How to Filter Data

How to Filter data
let say I have rows 1 million row data,
each has 8 digits unique ID.
I want to filter 1000 rows based on the unique ID.(random)
Row Filter or Rule-based Row filter allows only filter data based on 1 condition, but here I have 1000 of condition

Row Filter or Rule-based Row filter allows only filter data based on 1 condition, but here I have 1000 of condition

You can add as many rules as you want to the Rule-Based Row Filter.

You can filter 1000 row random with the Row Sampling node.
gr. hans

1 Like

I have a list of sample, So its not an exact ramdom samples.
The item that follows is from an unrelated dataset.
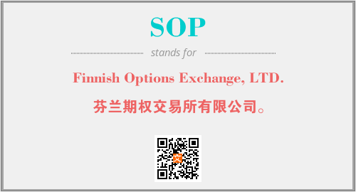 上述内容是“Finnish Options Exchange, LTD.”作为“SOP”的缩写,解释为“芬兰期权交易所有限公司。”时的信息,以及英文缩略词SOP所代表的英文单词,其对应的中文拼音、详细解释以及在英文中的流行度和相关分类、应用领域及应用示例等。

I don’t how a “list of sample” looks like (in KNIME), but maybe the Reference Row Filter is a way to explore.
gr. Hans

@elsamuel I will try this.

how can I filter data.
Eg.
My certain Unique ID ends with “RF”.
I want to filter out those IDs Which ends With “RF”

I will try this :+1:t2:

This is a sample of data. note ID does not have the same length, And I want to filter data based on the last 2 letters.

Ledger
YMPR752RF
YMPM844RF
YUPA1940RF
YMPR1303RF
YR1S492RF
YMPM213RF
YAPS502RF
YWBP200RF
YMPM397RF
YMPS859RF
YRJS460RF
YRJV376RF
YMPB356RF
YGJM594RF
YMPM404RF
YKAV368RF
YMPA438RF
YDLP234RF
YGJG145RF
YMHN1054RF
YMPN548RF
YDLK157RF
YAPP248RF
YUPR900RF
YR1S585RF
YMPV267RF
YMPH150RF
YHAM261RF

Hi @ganeshpawar,

you can use the row filter node and set Matching criteria “use pattern matching” to “*RF” (without quotation marks!). Furthermore you have to enable “contains wild cards”

BR

2 Likes

Thanks, @morpheus It worked for “RF” but what if I have a 100 ID that does not have any common parameter for filtering.
how can I filter data in that scenario?
I have used Reference Row Filter but can you suggest another way.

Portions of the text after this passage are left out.